Data extracts Block Start
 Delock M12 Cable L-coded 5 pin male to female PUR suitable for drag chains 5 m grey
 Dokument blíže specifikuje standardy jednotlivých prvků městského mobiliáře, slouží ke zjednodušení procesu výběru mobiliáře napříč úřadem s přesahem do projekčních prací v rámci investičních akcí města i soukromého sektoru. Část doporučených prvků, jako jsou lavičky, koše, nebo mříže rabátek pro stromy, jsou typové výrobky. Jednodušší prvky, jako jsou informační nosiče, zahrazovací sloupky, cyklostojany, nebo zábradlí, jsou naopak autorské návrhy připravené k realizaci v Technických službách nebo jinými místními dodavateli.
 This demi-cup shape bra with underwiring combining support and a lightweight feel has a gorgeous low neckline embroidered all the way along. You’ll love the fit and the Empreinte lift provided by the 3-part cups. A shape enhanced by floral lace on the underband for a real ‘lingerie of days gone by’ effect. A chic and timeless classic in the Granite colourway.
Data extracts Block End
Data extracts Block Start
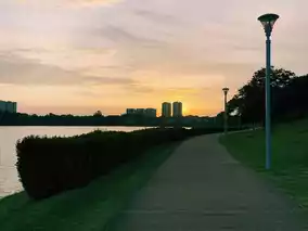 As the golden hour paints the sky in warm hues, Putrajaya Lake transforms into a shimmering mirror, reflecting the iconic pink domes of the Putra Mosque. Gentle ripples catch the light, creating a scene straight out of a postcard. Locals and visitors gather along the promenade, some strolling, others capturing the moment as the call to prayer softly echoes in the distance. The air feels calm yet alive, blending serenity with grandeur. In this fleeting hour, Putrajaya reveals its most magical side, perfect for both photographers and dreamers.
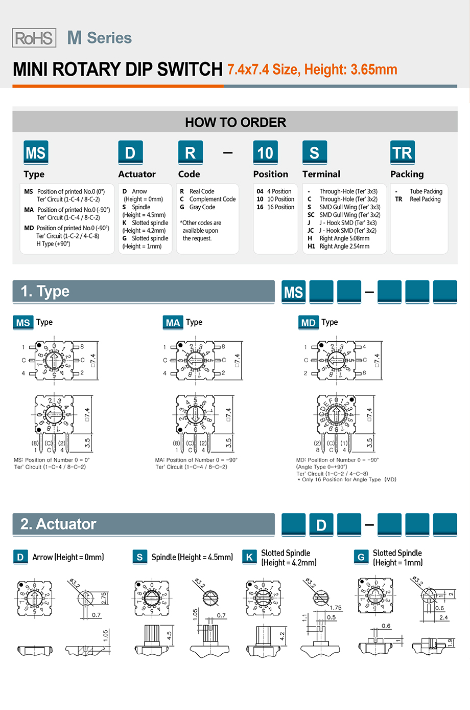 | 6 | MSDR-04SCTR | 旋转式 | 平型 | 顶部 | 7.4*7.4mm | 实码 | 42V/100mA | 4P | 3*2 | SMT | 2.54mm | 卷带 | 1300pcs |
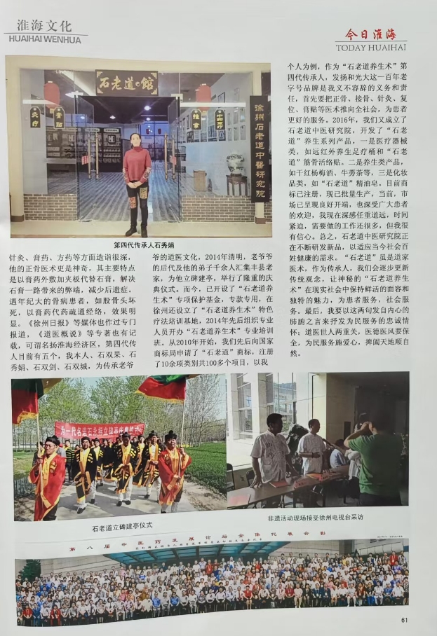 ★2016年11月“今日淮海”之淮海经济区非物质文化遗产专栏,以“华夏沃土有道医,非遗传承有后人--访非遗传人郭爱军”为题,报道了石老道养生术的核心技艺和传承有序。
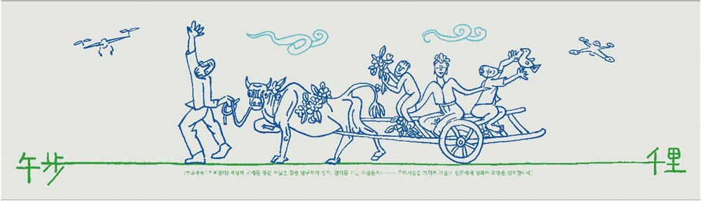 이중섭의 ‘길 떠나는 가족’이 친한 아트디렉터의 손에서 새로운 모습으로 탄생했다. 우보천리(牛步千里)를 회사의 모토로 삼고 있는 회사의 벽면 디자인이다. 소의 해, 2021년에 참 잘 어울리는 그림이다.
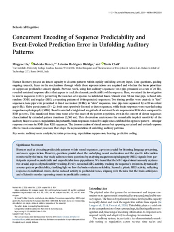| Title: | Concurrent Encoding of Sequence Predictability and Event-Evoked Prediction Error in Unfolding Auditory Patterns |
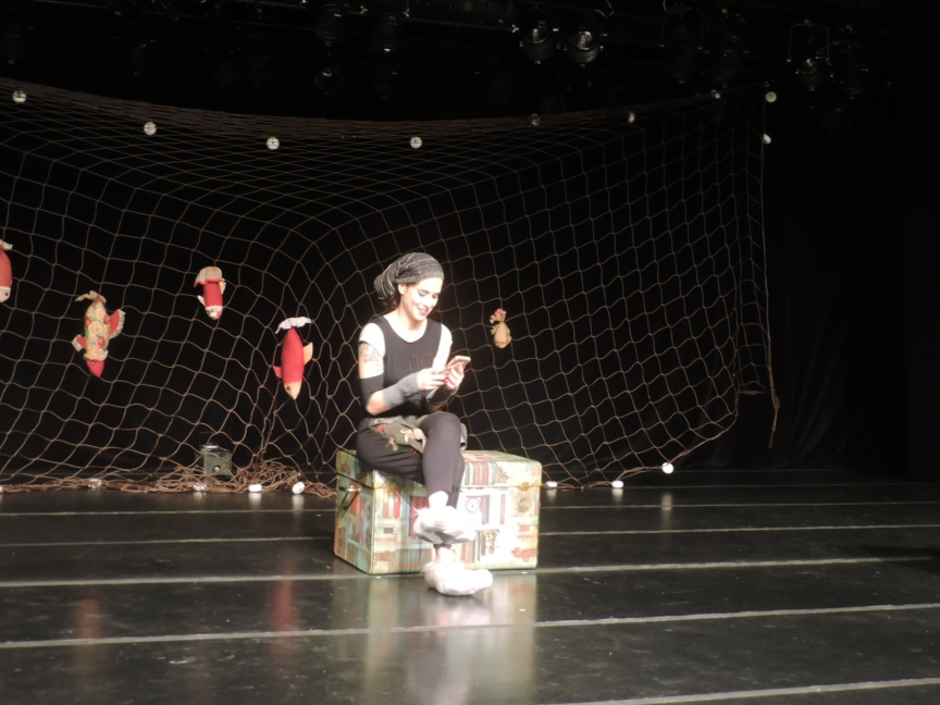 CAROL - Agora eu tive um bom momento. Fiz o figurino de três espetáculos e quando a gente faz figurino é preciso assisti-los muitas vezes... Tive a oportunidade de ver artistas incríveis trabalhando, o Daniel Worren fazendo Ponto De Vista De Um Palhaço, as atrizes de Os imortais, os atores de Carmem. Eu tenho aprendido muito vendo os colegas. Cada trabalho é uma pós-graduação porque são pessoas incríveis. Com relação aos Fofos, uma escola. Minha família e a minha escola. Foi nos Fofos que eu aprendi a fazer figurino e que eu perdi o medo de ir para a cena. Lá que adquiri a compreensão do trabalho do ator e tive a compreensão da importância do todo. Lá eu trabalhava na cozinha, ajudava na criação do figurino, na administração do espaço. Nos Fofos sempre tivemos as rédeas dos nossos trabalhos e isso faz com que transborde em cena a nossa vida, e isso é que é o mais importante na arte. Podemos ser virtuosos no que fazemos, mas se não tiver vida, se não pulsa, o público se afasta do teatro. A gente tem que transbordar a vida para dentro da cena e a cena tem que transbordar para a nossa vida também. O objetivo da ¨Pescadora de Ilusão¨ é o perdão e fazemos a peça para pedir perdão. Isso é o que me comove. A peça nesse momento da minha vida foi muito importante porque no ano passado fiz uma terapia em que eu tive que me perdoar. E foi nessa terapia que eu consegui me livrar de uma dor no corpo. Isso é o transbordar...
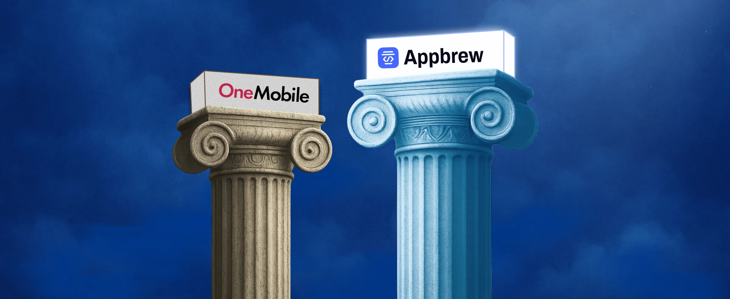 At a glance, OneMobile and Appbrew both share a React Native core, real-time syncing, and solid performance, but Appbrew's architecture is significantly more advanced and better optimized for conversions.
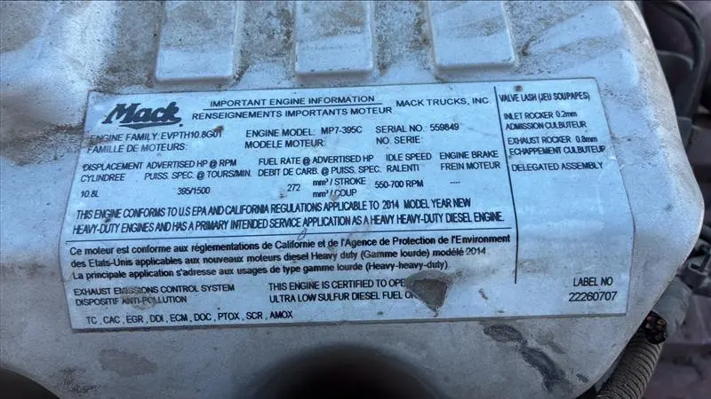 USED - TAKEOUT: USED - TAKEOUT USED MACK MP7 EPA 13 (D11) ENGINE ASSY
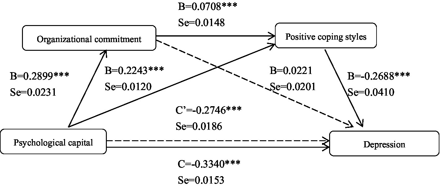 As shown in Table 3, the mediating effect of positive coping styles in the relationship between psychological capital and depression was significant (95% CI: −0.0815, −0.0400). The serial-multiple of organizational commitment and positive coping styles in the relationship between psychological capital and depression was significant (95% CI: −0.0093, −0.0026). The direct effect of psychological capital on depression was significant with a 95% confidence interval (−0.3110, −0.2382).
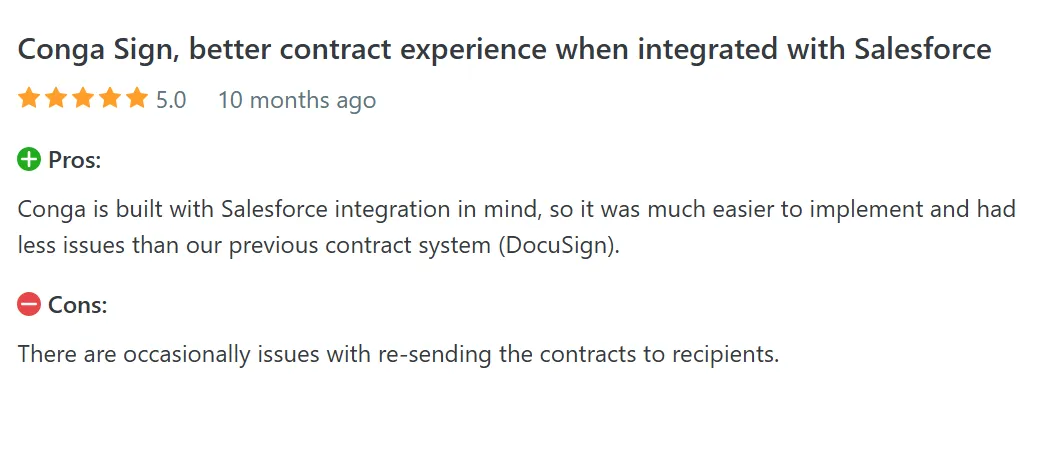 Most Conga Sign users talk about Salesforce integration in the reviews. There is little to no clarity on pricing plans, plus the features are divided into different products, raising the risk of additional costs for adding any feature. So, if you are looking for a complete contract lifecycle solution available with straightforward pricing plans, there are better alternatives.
Data extracts Block End
• What the task requires
Write out exactly the run of lines above that starts at the line containing "At a glance, OneMobile" and ends at the line containing "As shown in". Include both, and leave the pictures out.

• Answer to the exercise
 At a glance, OneMobile and Appbrew both share a React Native core, real-time syncing, and solid performance, but Appbrew's architecture is significantly more advanced and better optimized for conversions.
 USED - TAKEOUT: USED - TAKEOUT USED MACK MP7 EPA 13 (D11) ENGINE ASSY
 As shown in Table 3, the mediating effect of positive coping styles in the relationship between psychological capital and depression was significant (95% CI: −0.0815, −0.0400). The serial-multiple of organizational commitment and positive coping styles in the relationship between psychological capital and depression was significant (95% CI: −0.0093, −0.0026). The direct effect of psychological capital on depression was significant with a 95% confidence interval (−0.3110, −0.2382).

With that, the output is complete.